## Records for this task
--- --- ---
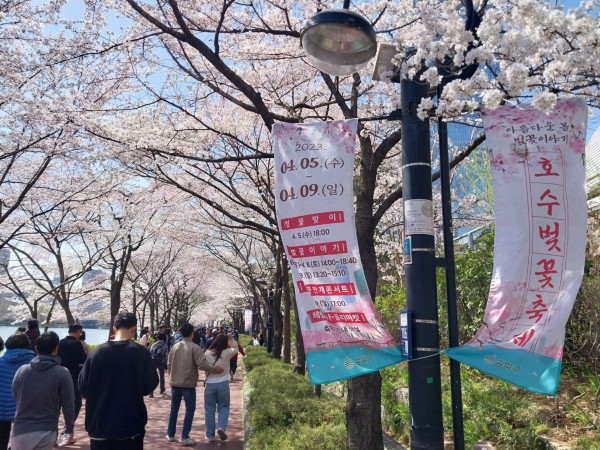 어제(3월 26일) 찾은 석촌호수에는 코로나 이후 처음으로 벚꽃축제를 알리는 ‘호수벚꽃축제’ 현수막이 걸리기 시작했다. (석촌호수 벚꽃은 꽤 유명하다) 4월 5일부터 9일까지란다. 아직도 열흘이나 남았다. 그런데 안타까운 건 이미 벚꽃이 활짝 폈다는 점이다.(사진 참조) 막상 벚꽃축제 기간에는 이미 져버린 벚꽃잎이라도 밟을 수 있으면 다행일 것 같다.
--- --- ---
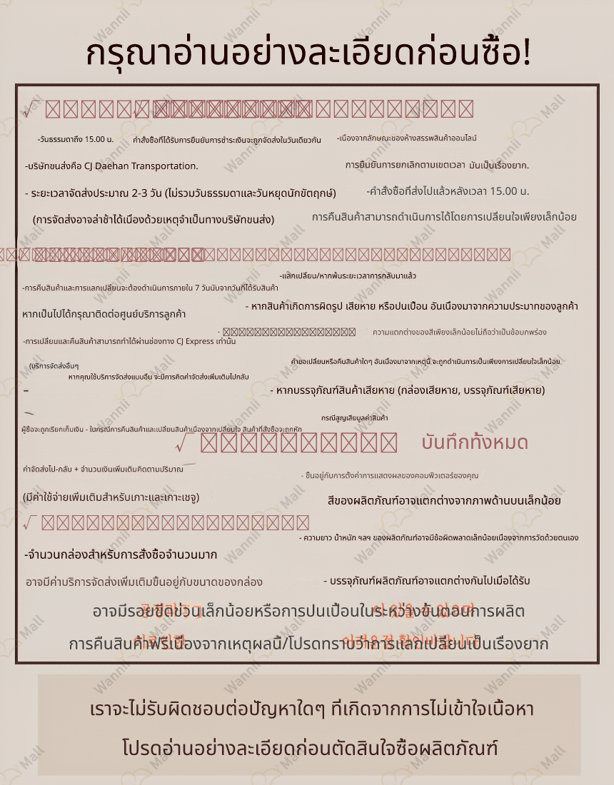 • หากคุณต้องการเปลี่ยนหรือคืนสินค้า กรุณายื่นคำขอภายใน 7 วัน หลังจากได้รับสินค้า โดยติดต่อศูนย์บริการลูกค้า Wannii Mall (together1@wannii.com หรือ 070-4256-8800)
--- --- ---
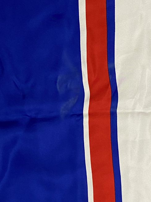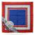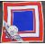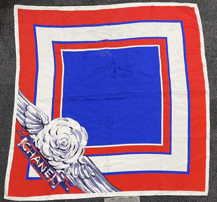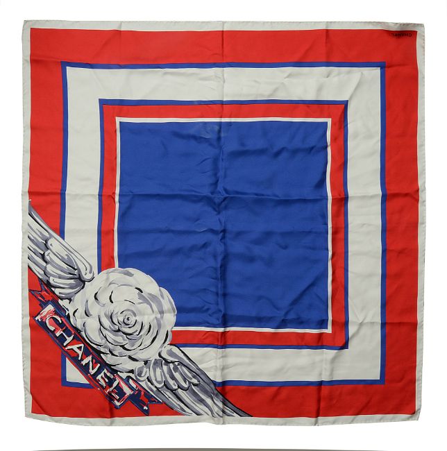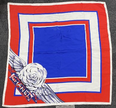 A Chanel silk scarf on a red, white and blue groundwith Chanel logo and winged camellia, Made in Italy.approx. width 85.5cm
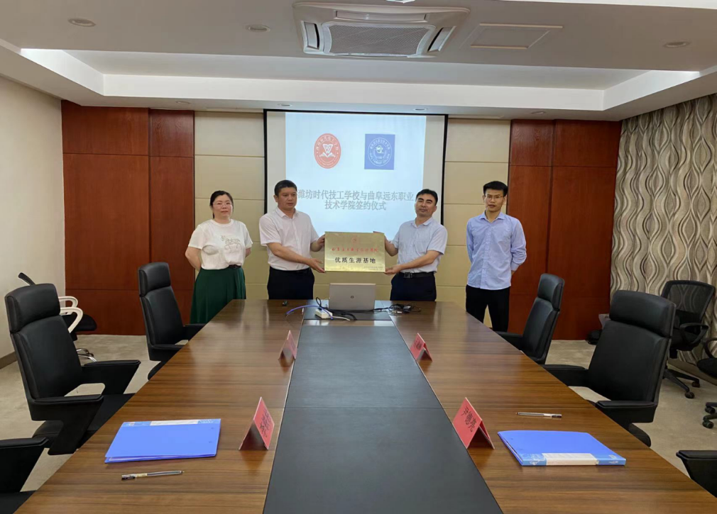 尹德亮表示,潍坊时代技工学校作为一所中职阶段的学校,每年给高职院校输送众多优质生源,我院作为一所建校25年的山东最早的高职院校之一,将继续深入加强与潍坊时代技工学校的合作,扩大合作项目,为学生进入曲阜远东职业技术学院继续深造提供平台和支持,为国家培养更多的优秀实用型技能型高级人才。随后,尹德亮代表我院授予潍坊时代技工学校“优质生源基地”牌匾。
--- --- ---
Above are the records; copy exactly the lines from the one with "A Chanel silk" through the one with "尹德亮表示,潍坊时代技工学校", including both, and nothing more. Leave out pictures.

 A Chanel silk scarf on a red, white and blue groundwith Chanel logo and winged camellia, Made in Italy.approx. width 85.5cm
 尹德亮表示,潍坊时代技工学校作为一所中职阶段的学校,每年给高职院校输送众多优质生源,我院作为一所建校25年的山东最早的高职院校之一,将继续深入加强与潍坊时代技工学校的合作,扩大合作项目,为学生进入曲阜远东职业技术学院继续深造提供平台和支持,为国家培养更多的优秀实用型技能型高级人才。随后,尹德亮代表我院授予潍坊时代技工学校“优质生源基地”牌匾。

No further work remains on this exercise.